++++ Given data

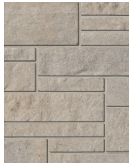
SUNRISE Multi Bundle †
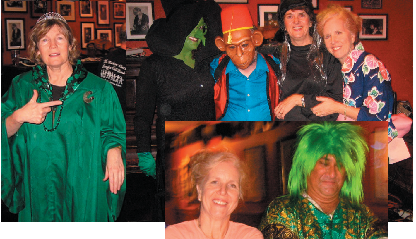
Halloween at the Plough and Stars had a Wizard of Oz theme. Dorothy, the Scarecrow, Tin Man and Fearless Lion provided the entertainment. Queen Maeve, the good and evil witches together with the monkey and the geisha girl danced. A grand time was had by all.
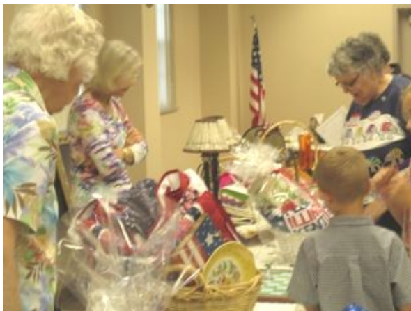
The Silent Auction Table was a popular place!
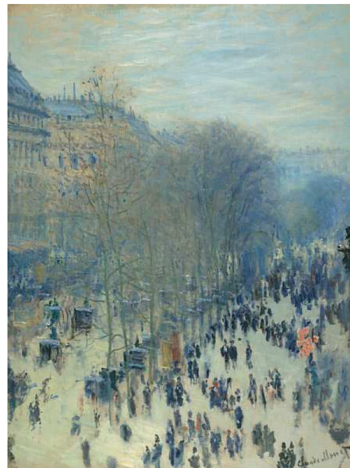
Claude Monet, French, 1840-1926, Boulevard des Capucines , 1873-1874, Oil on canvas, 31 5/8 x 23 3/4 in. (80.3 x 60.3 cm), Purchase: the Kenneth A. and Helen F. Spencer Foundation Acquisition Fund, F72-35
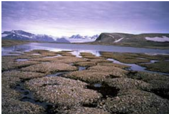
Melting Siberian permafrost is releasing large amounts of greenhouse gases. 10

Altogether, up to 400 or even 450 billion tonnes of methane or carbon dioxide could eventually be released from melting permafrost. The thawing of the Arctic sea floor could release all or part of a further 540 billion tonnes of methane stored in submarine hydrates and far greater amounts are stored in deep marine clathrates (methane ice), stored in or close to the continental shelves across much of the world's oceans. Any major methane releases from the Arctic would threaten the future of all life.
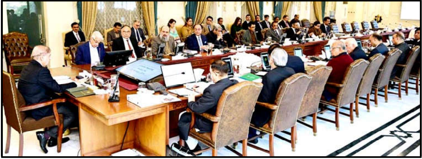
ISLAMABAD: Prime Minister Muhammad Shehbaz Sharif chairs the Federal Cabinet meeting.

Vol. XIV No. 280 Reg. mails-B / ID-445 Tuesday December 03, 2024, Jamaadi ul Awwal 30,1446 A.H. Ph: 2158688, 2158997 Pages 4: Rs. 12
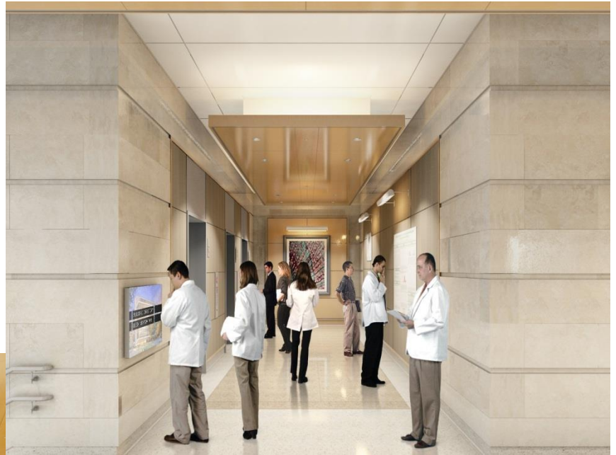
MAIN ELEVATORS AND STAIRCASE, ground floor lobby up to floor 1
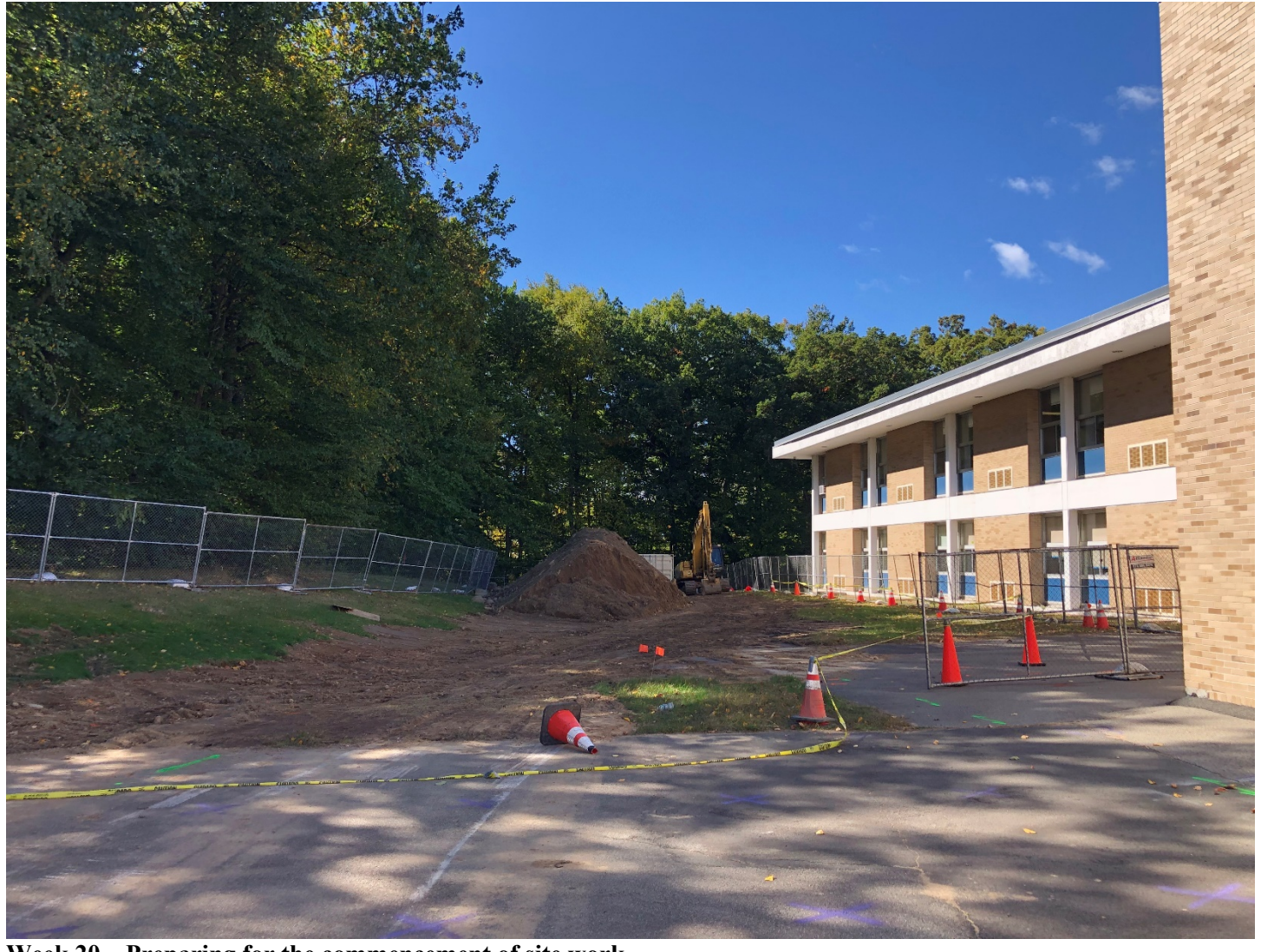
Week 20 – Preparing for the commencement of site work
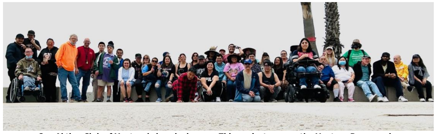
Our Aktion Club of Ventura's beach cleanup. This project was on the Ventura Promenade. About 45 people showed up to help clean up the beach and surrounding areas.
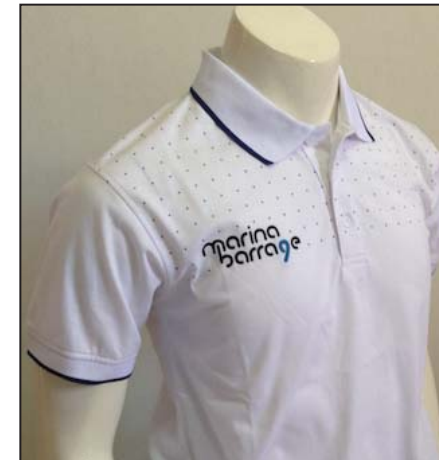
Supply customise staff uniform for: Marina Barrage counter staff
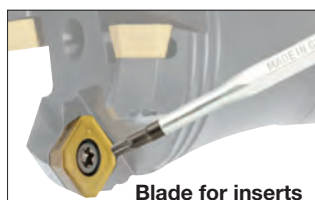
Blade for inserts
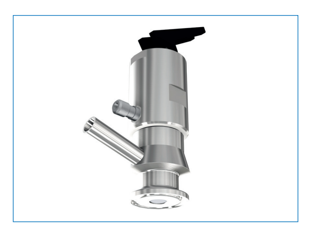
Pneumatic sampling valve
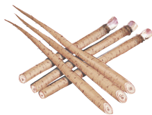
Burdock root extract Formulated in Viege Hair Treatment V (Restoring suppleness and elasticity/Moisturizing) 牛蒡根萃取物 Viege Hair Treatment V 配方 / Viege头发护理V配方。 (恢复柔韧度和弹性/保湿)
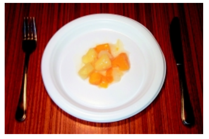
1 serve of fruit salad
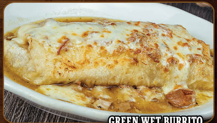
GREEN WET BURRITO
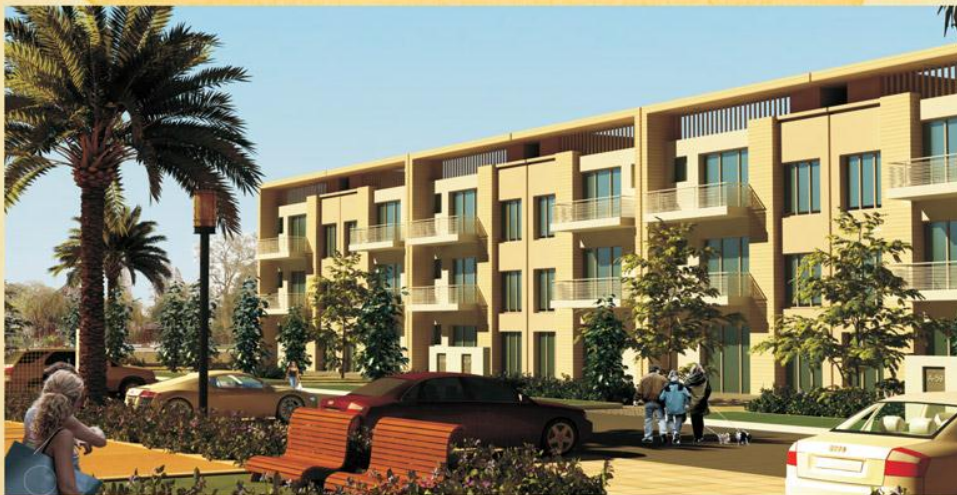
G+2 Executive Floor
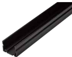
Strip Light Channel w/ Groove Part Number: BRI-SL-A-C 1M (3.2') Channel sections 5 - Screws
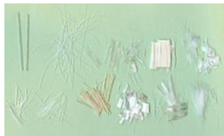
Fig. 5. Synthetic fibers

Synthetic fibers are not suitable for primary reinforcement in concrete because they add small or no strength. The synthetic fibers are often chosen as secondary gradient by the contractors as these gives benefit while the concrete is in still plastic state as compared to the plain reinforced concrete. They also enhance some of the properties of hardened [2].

++++++++
++++ Given data

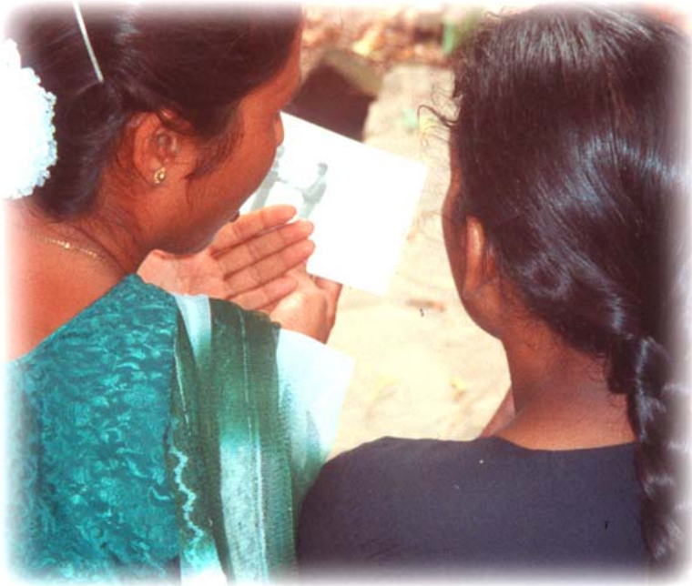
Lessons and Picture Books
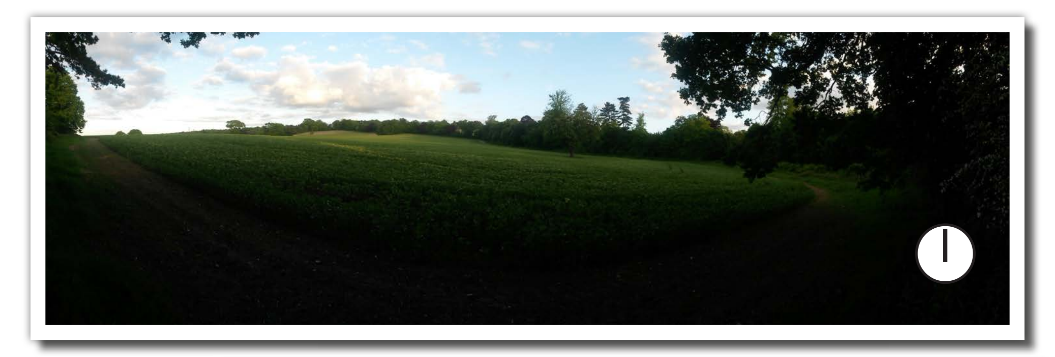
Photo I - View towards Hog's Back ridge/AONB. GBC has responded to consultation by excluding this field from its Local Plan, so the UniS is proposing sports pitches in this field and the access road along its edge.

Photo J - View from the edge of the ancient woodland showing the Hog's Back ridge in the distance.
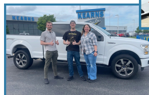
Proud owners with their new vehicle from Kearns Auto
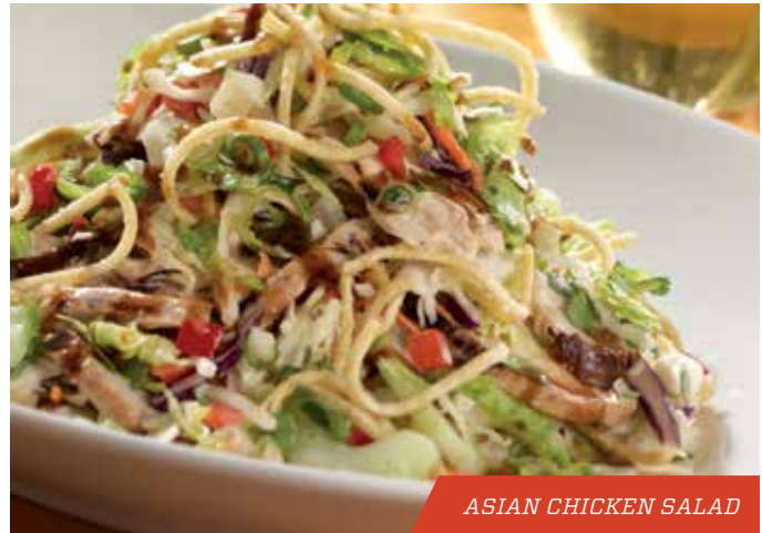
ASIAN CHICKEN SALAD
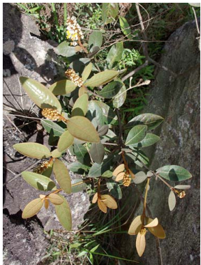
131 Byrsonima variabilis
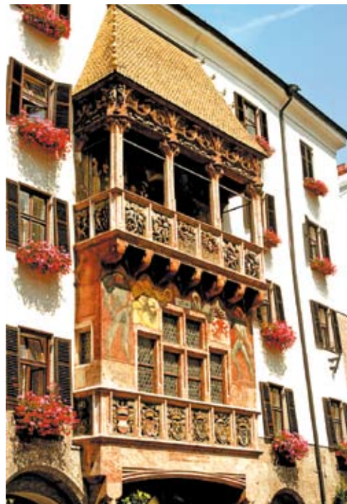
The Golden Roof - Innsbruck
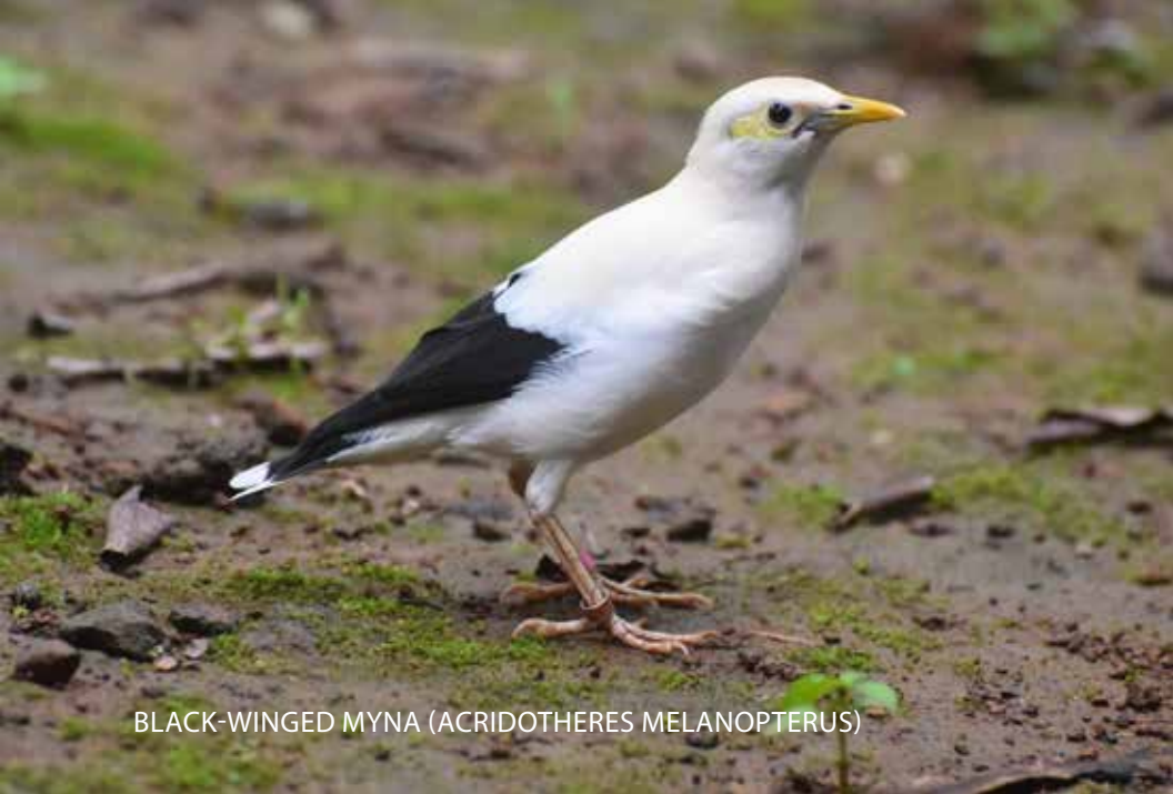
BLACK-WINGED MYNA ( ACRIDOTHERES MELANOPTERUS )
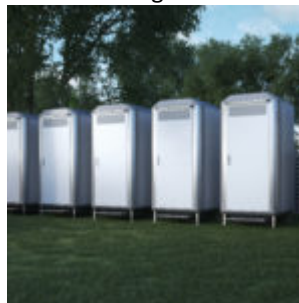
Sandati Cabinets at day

++++++++
++++ Given data

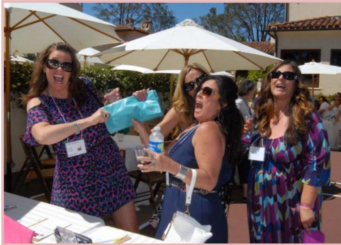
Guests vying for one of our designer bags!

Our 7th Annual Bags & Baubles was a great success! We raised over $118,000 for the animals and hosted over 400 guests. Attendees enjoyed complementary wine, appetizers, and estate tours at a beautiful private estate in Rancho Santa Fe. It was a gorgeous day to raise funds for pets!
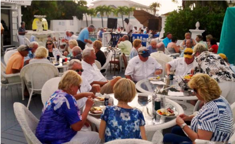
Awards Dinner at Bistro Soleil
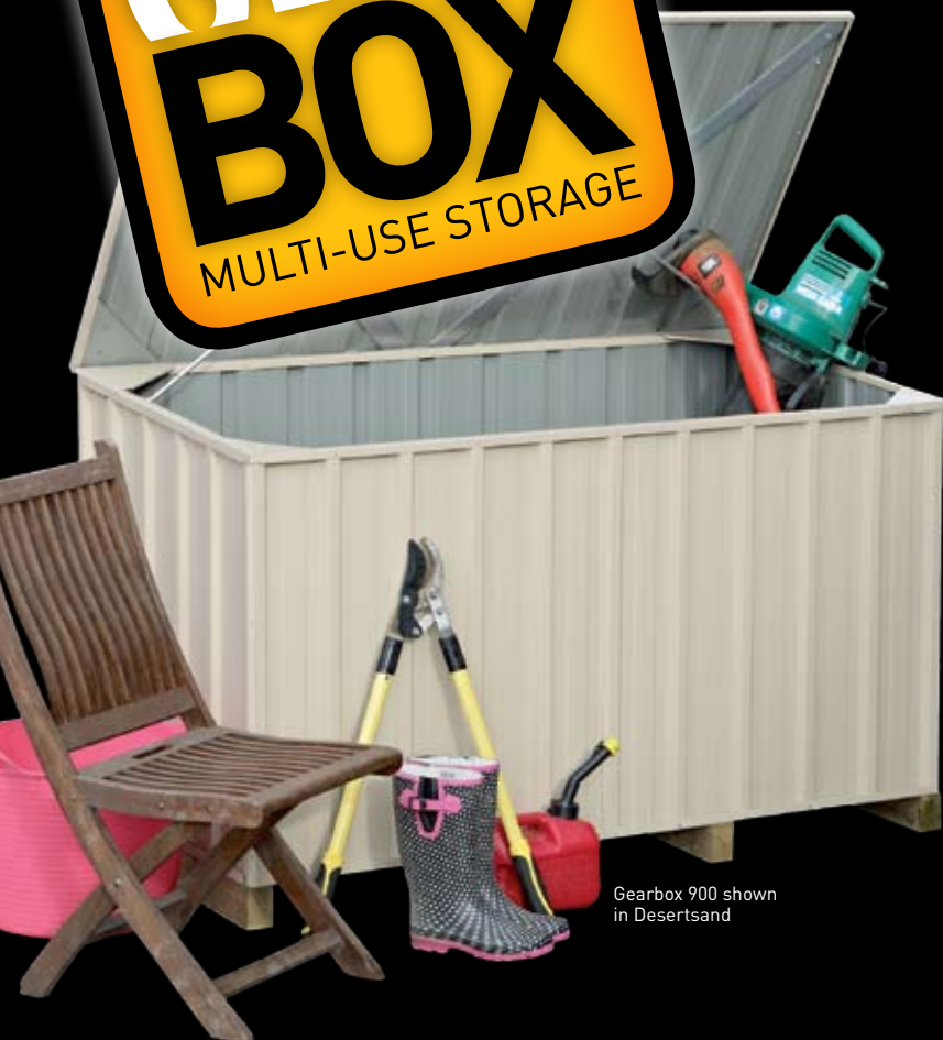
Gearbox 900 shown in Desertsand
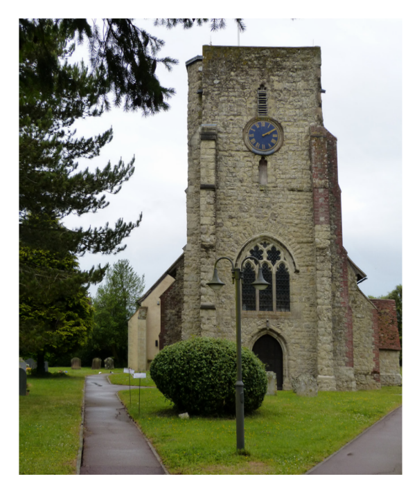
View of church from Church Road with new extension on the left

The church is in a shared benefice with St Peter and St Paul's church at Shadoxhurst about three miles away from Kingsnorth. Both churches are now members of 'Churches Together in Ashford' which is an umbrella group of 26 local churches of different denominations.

++++++++

> _What you should do_: Write back word for word every line in the entries above from the one with "Supply customise staff" to the one with "Synthetic fibers are not", ends included, and none of the pictures.

> _Solution to this problem_:
Supply customise staff uniform for: Marina Barrage counter staff
Blade for inserts
Pneumatic sampling valve
Burdock root extract Formulated in Viege Hair Treatment V (Restoring suppleness and elasticity/Moisturizing) 牛蒡根萃取物 Viege Hair Treatment V 配方 / Viege头发护理V配方。 (恢复柔韧度和弹性/保湿)
1 serve of fruit salad
GREEN WET BURRITO
G+2 Executive Floor
Strip Light Channel w/ Groove Part Number: BRI-SL-A-C 1M (3.2') Channel sections 5 - Screws
Fig. 5. Synthetic fibers

Synthetic fibers are not suitable for primary reinforcement in concrete because they add small or no strength. The synthetic fibers are often chosen as secondary gradient by the contractors as these gives benefit while the concrete is in still plastic state as compared to the plain reinforced concrete. They also enhance some of the properties of hardened [2].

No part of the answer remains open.